A novel approach to unlocking the synergy of large language models and chemical knowledge in biomedical signal applications

This work explores the potential of using the pre-trained large language model Llama2 to address challenges in biomedical signal processing and control (BSPC), particularly in predicting the electronic and functional properties of organic molecules, an area of growing importance infields such as drug discovery and materials science. Current approaches in BSPC often rely on specialized graph neural network models, which can be limited in their ability to capture the complex relationships inherent in molecular structures. To address this, we demonstrate that a fine-tuned Llama2 model can accurately predict the highest occupied molecular orbital (HOMO) and lowest unoccupied molecular orbital (LUMO) energies of organic semiconductor molecules, with performance comparable to state-of-the-art specialized models.

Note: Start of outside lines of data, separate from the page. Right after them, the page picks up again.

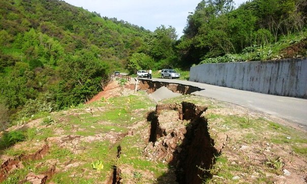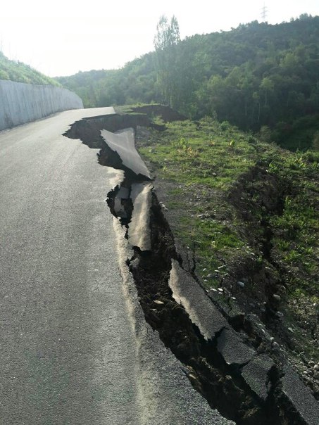 На участке, где ранее наблюдался сход суглинистого грунта, произошло дальнейшее обрушение дороги и сход оползня.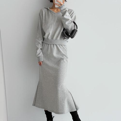 [옷자락] 여자 브이넥 크롭 후드티 머메이드 롱스커트 세트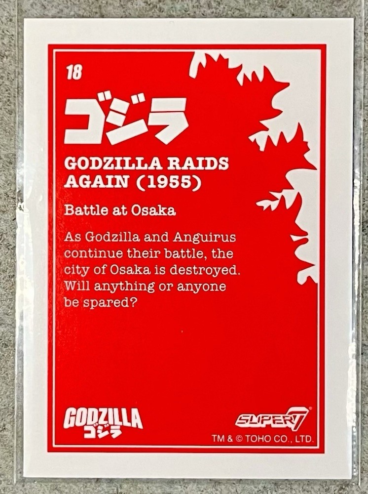 The Battle at Osaka 2024 SUPER 7 GODZILLA Toho Showa Series 1 #18 captures the iconic monster in all his glory, commemorating the classic 1955 film "Godzilla Raids Again." This non-sport trading card is a must-have for fans of the franchise and collectors alike, featuring the renowned Toho craftsmanship that has made the Godzilla series a beloved staple. With its vivid depiction of the legendary creature, this card is a standout piece from the Series 1 set. The 2024 year of manufacture ensures its place as a contemporary collectible, perfect for modern-era enthusiasts. Add this striking Godzilla card to your collection and own a piece of movie history.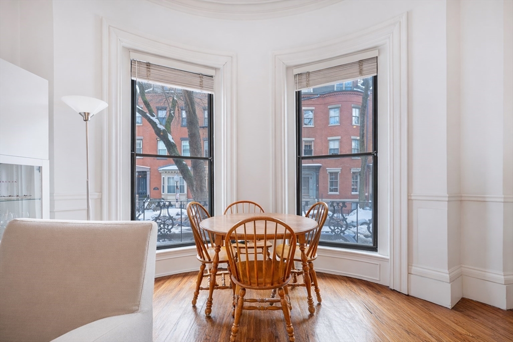 Experience quintessential South End living in this refined parlor-level residence, situated in the coveted Eight Streets neighborhood just steps from Ringgold Park. This sun-drenched floor-through home is defined by its dramatic ceiling height and oversized windows, creating a gracious sense of scale rarely found in one-bedroom layouts. The open-concept living area features a chef-inspired kitchen with updated appliances, a dedicated dining area, and a stately decorative fireplace. The king-sized bedroom serves as a private sanctuary, anchored by a second fireplace and flanked by bespoke custom built-ins. Complete with a modern bath, in-unit laundry, and the invaluable addition of conveying deck rights, this home is a rare find near the city’s premier dining and boutiques.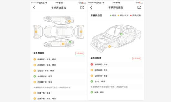 “图形化”车损报告将原本枯燥的文字,通过大数据、结合语义分析结果,自动绘制车身整体外观、内部结构图例,并清晰标注车身覆盖件喷漆、钣金等伤痕以及各部件的更换、切割等问题,直观、形象展现车况信息,极大方便用户了解车辆损伤情况。如果车辆有重大事故或问题,报告会自动标注红色感叹号提醒,有效降低用户买到大事故修复车的概率,避免因此带来的车辆使用隐患。

To further enhance the model's robustness and generalization, we propose several key innovations, including optimized simplified molecular input line entry system (SMILES) tokenization, incorporation of chemical knowledge as auxiliary supervised tasks, and a low-rank adaptation (LORA) based fine-tuning strategy. These techniques enable the language model to simultaneously learn SMILES prediction and acquire relevant chemical knowledge, while also improving its handling of incomplete structural information and ability to generalize to "unseen" molecular classes. The work also discusses the limitations of using large language models for molecular property prediction, such as the lack of interpretability and the need for improved handling of non-standard SMILES representations, highlighting the potential of this approach in BSPC while identifying areas for further improvement.